Demo for the Wells Lab prepared by McKenna Farmer, July 2023
This repo contains data and scripts for introducing 16S rRNA amplicon sequence analysis to the Wells Lab. Throughout this demo, I refer to the data processing steps interchangeably as a "workflow" or "pipeline". This is meant to convey that the analysis is performed in multiple steps, with inputs and outputs feeding into subsequent steps.

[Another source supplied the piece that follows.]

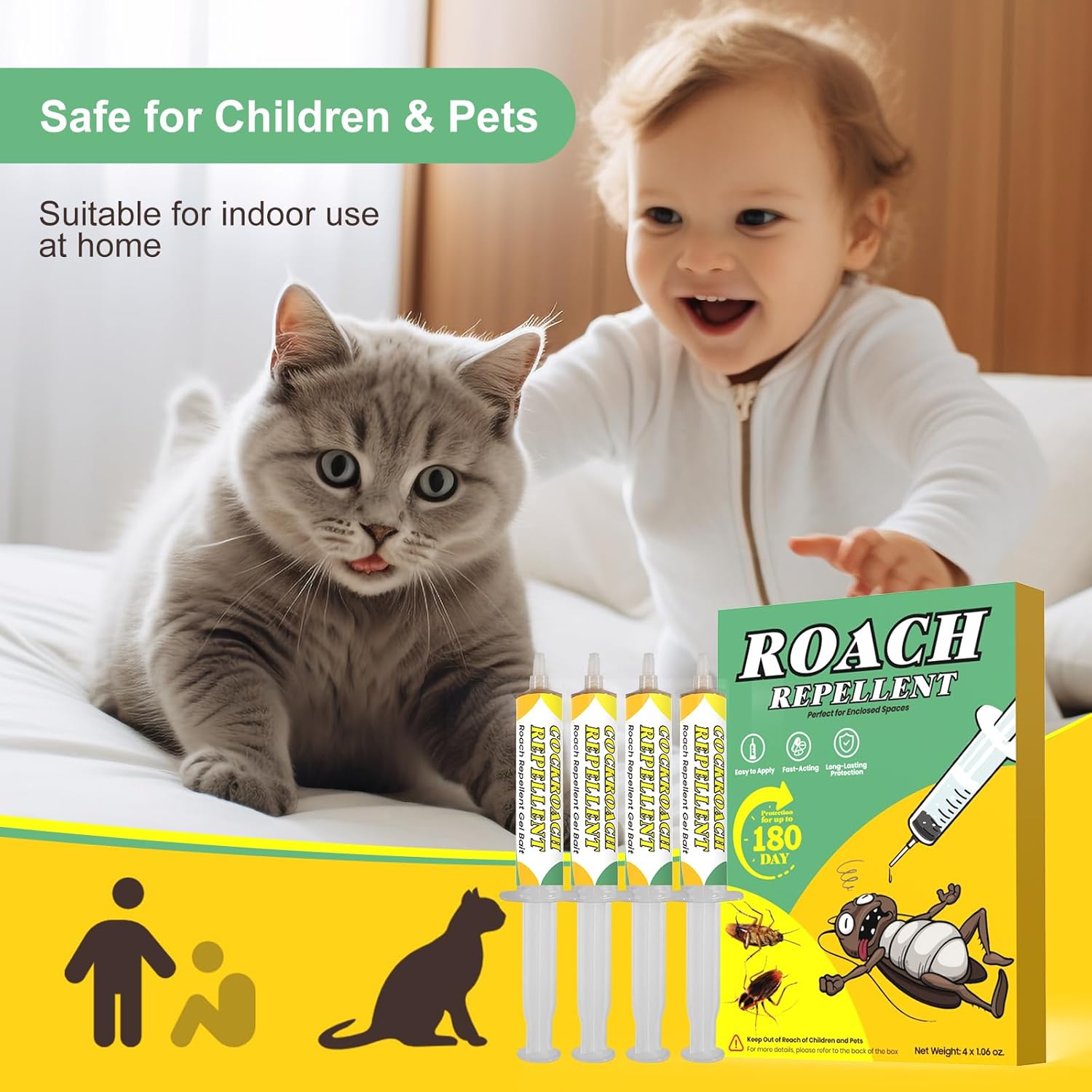 Roach Killer Indoor Infestation Safe for Indoor Use: Designed with your family’s safety in mind, our cockroach gel bait is made from a non-toxic formula that is safe to use around children and pets when applied as directed. Its targeted application method minimizes exposure while effectively eliminating cockroaches. Ideal for use in kitchens, bathrooms, living rooms, and other indoor spaces, it offers peace of mind without compromising on performance.
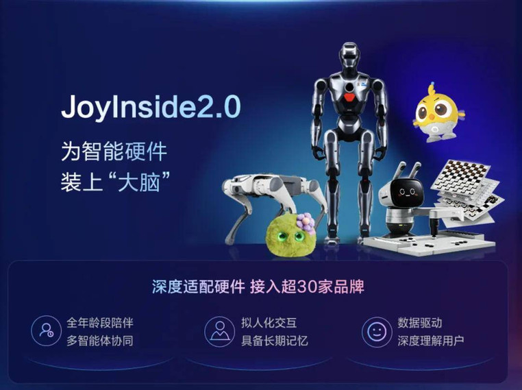 数据显示,接入 Joyinside 的智能硬件,用户会更加主动发起对话,对话次数平均提升超 120%。目前,JoyInside 2.0 已陆续接入超过 30 家头部品牌的硬件产品,并和众擎、宇树等超 10 家领先的机器人品牌合作,并上线京东售卖。

This demo will cover data processing and simple analysis examples of a wastewater microbiome. The concepts and workflow used here can apply to other study systems.
- Pre work
- QIIME overview and getting set up
- Import data
- Trim reads
- Make amplicon sequence variants
- Classify taxonomy
- Make phylogenetic tree
- Preparing for data analysis
- Example analysis
- Submitting to SRA
Prior to starting this tutorial, you should set up your computer with some key programs to access computing resources and files. I recommend the following:
- A command line terminal to interact with Quest (SSH client)
- Windows: install PuTTY
- Mac: use Terminal, which comes preinstalled
- A code editor
- Install Visual Studio Code (VSCode) for Windows and Mac
- A file explorer (FTP client)
We will be using the command line version of QIIME to process our data and will be using bash submission scripts to run each step. You can run some steps in an interactive job because they run relatively quickly, but for the purposes of this demo, we will only be using bash scripts so you have copies of your code.
In this tutorial, I provided you with curated sequencing data from a past sequencing project. Feel free to look for datasets you find in literature or through collaborations to practice the pipeline. If you do this, be sure to have the raw reads in the fastq.gz format and find the associated metadata so you can perform the data analysis portion.